* _Available data_:

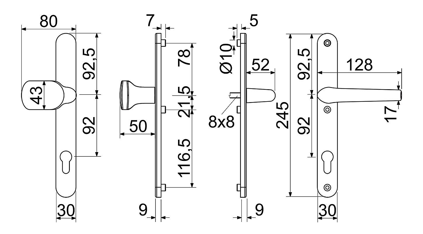 • RHD.005 - 72-92 mm - po skrátení štvorhranu a skrutiek od hrúbky dverí 40 mm
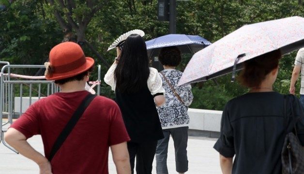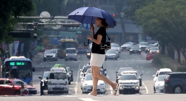 전국 곳곳에 폭염특보가 발효된 28일 오후 대구 달구벌대로에서 뙤약볕을 피해 양산을 쓴 시민이 아지랑이가 피어오르는 도로를 건너고 있다.. / 이하 뉴스1
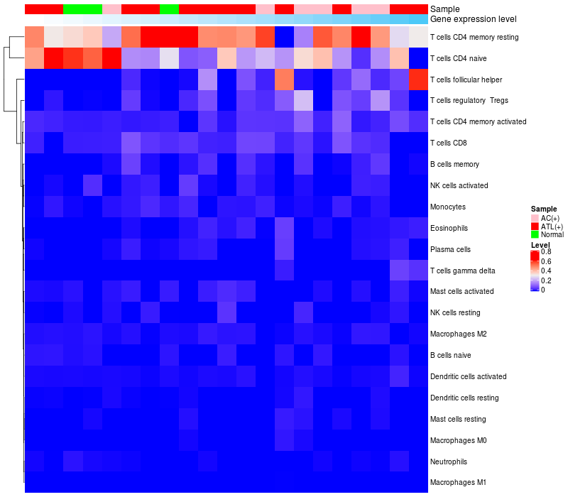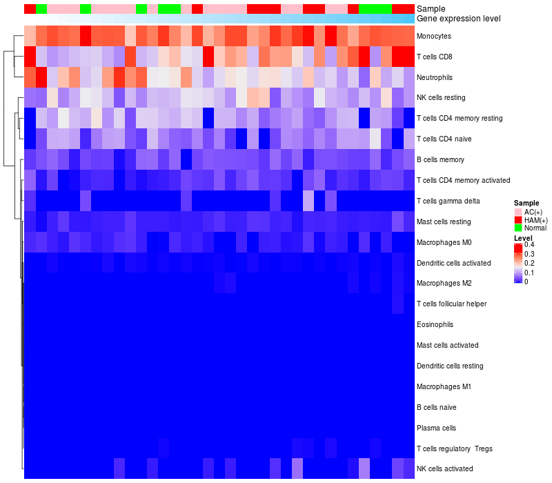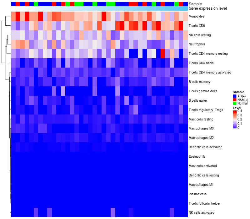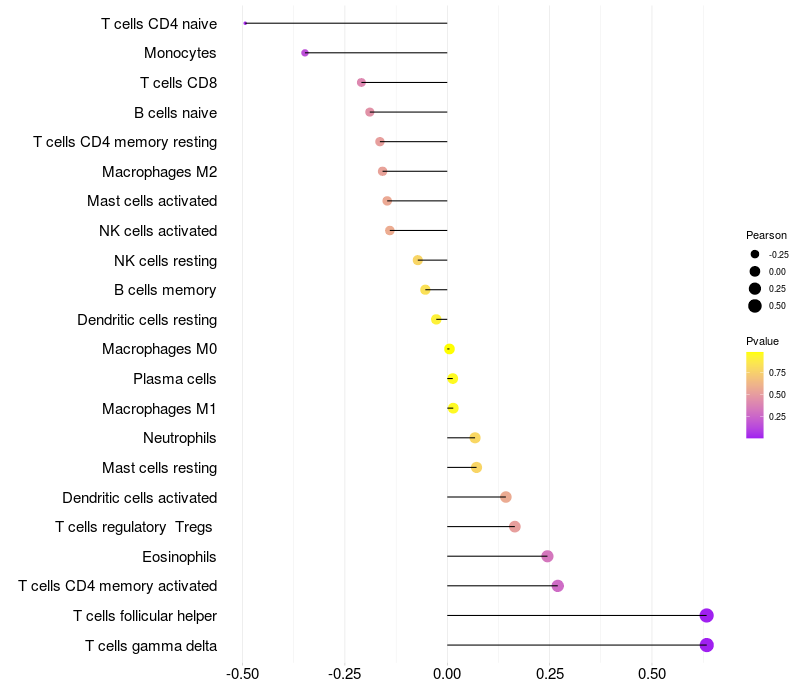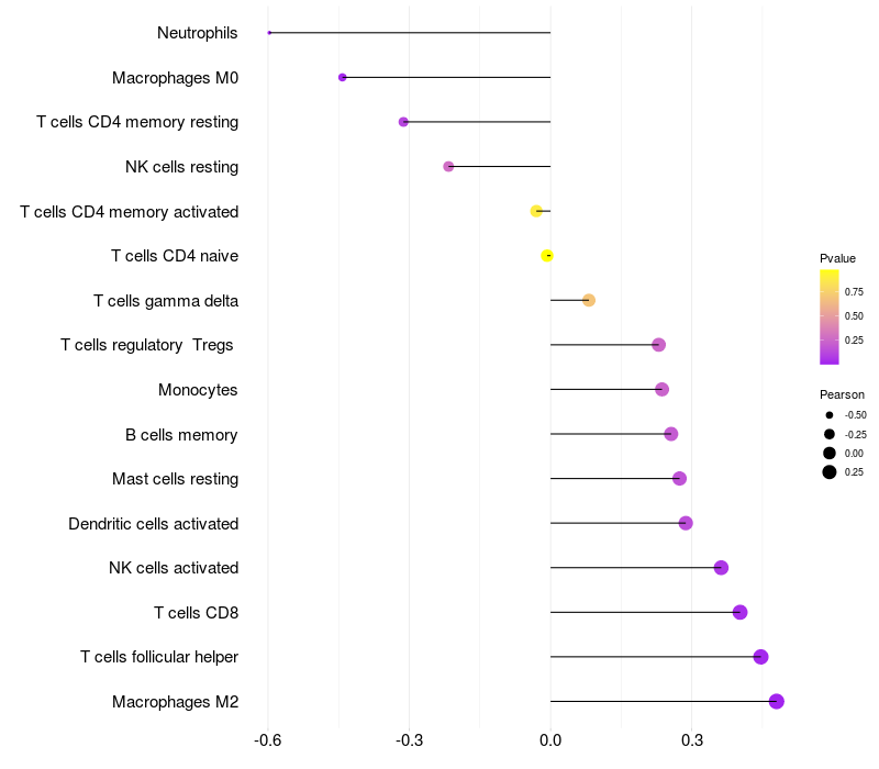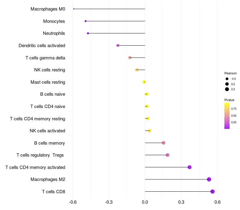 Relationship between gene expression and immune infiltrating cell level

* _What is needed_: Once the pictures are set aside, the remaining data must be transcribed exactly.

* _Your response_:
 • RHD.005 - 72-92 mm - po skrátení štvorhranu a skrutiek od hrúbky dverí 40 mm
 전국 곳곳에 폭염특보가 발효된 28일 오후 대구 달구벌대로에서 뙤약볕을 피해 양산을 쓴 시민이 아지랑이가 피어오르는 도로를 건너고 있다.. / 이하 뉴스1
 Relationship between gene expression and immune infiltrating cell level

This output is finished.